I have the freedom to pick an OS for a server, so I want to dedicate my time and effort in learning one platform. My main objective is to start with something that would be as efficient as possible when load gets heavy.

By efficiency I mean anything from tcp/ip stack speed to thread handling and whatever could impact a busy web server. Any recommendation is appreciated.

  • The BSD variants do have a reputation for higher security. – PP. Oct 8 '10 at 12:25

Unless you have some very specific use-case or code then I'd strongly urge you to simply pick the OS you're most comfortable installing, configuring and maintaining as most times these days they're much the same from a security, performance and functionality standpoint.

So basically go with the latest version of the one you're already happy with.

Good luck.

  • so basically in terms of performance they are so close that it's not worth being picky about which linux/bsd I go with? – anonymous Oct 8 '10 at 9:51
  • again it depends on what you're doing (got loads of .NET code? go with W2K8; got loads of Java? might be more tempted to go the Linux route) - for basic web hosting most linux distros are pretty close in performance. But if it's purely performance you care about then I'd stick to a 'big-name' such as RHEL/SUSE as their support is great and you may need it - I'd also be spending more time on my end-to-end network-to-server design than the specific distro right now. Oh make sure you go 64-bit unless you have a strong reason not to ok. – Chopper3 Oct 8 '10 at 10:20

totally based in my experience. I could give a generic answer as "important is to get an OS which you are most comfortable installing", but when we are speaking about, for example, VPS, or any other kind of "server as service", that install is just matter of a click.
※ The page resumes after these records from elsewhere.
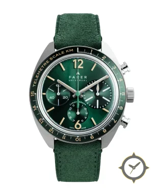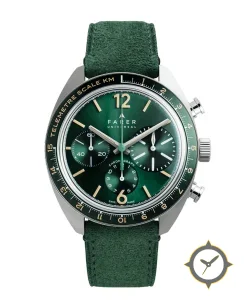 A Chronograph watch with a vintage-inspired 34.5mm case, crafted from stainless steel featuring a green dial with a unique sunburst finish.
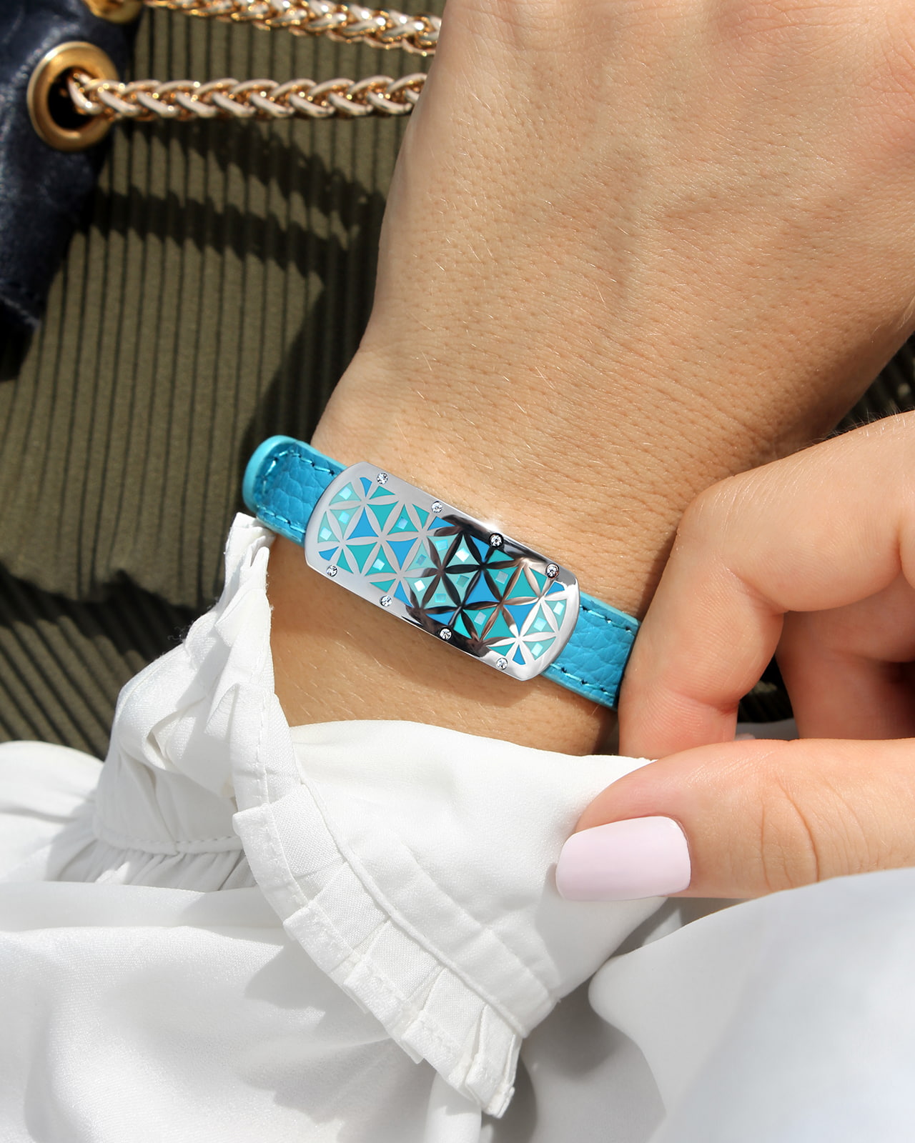 Das türkisblaue Armband aus Leder verleiht diesem bedeutungsvollen Stück eine besondere Note. Es wird Ihr Handgelenk mit Raffinesse zum Strahlen bringen.
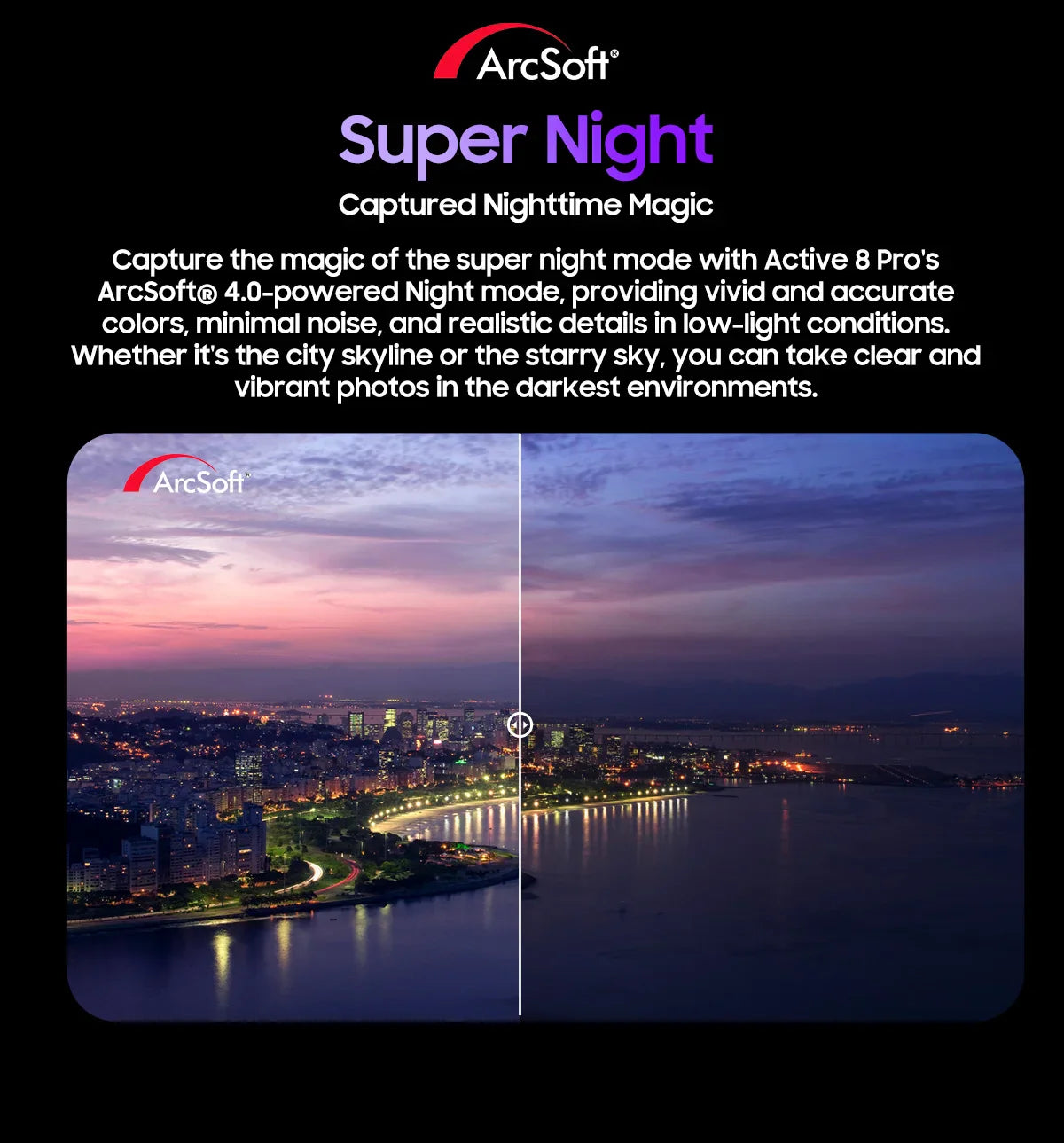 Capture the magic of the super night mode with Active 8 Pro's ArcSoft®4.0-powered Night mode, providing vivid and accurate colors, minimal noise, and realistic details in low-light conditions. You can take clear and vibrant photos in the darkest environments, Whether it's the city skyline or the starry sky.
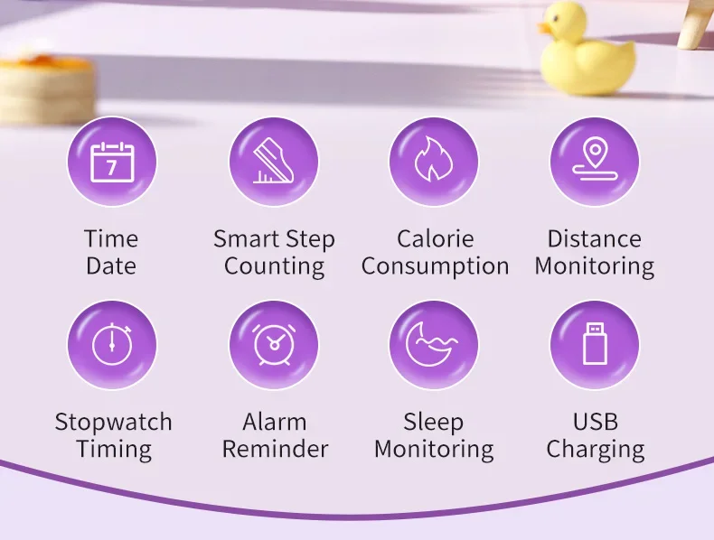 Additional functions: alarm clock, date, countdown, 24-hour indication, day of the week display, step count, calories
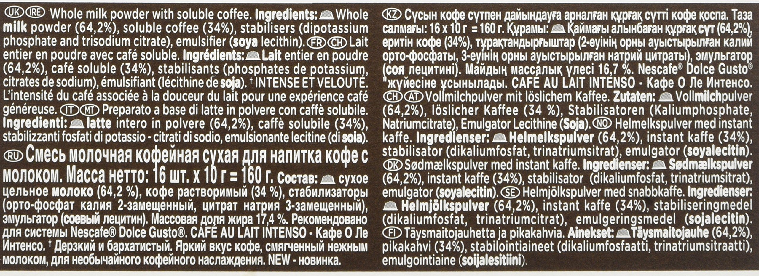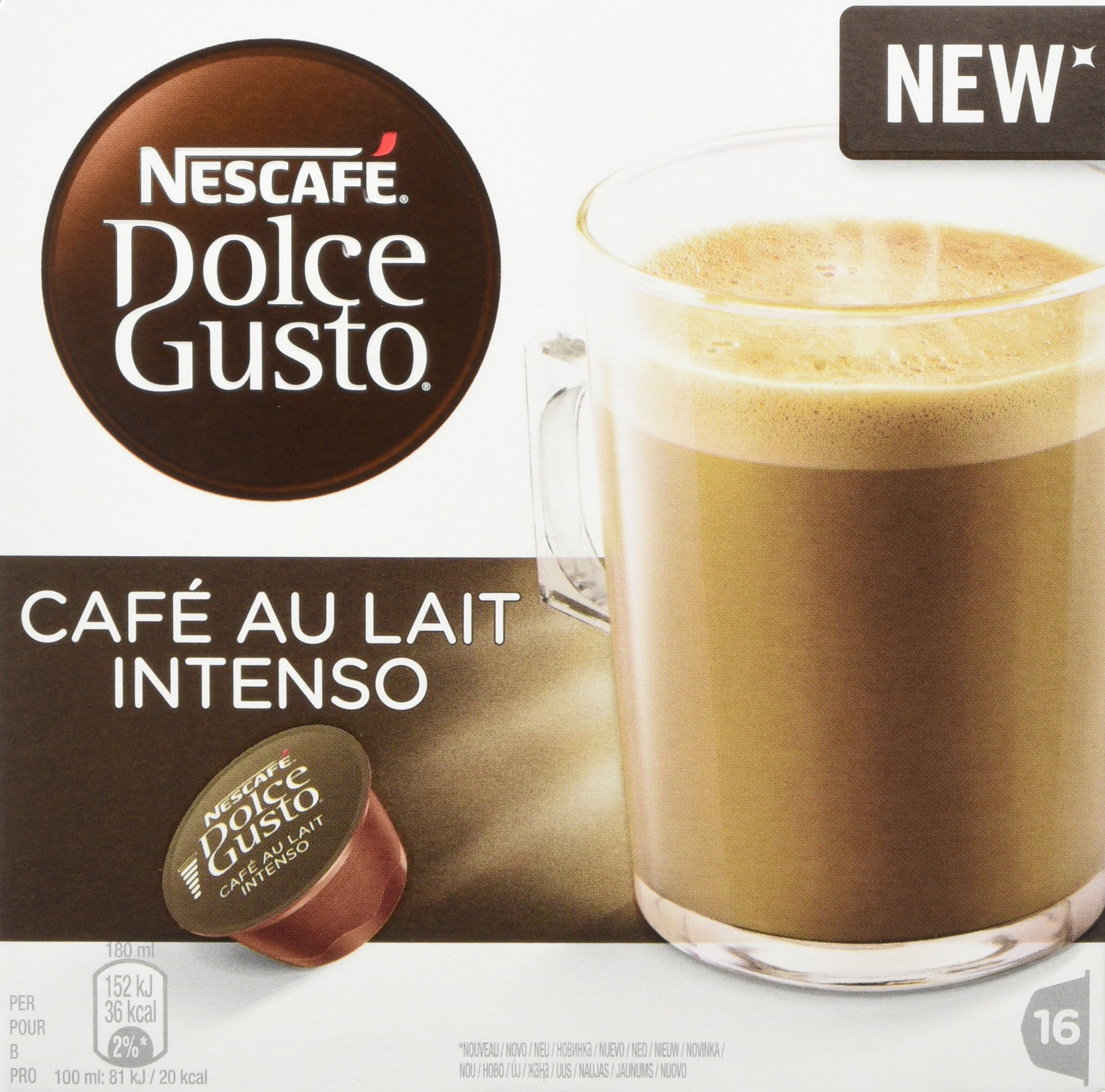 The box accommodates 16 tablets of NESCAFÉ Dolce Gusto Cafe Au lait Intenso, designed for NESCAFÉ Dolce Gusto capsule coffee machines
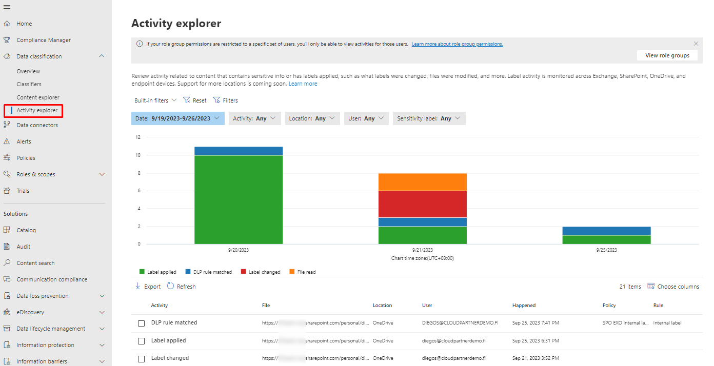 - Activity Explorer: Reveals activities tied to sensitive data and labels, including label changes and potential content exposure.

I would use another factors to decide it. I like to use debian and ubuntu. Here are my strong points about both:

  • Easy to upgrade, update and compile new packages. If something don't compile in debian, it don't compile at all :-)

  • Easy to be up and running with a new deamon

  • apt-get && aptitude are great to install and to solve dependencies

  • Good as servers, good as desktops

Said that, i manage 4 servers, running debian, apache, mysql, passenger and i' really happy that i dont have to touch CentOS anymore.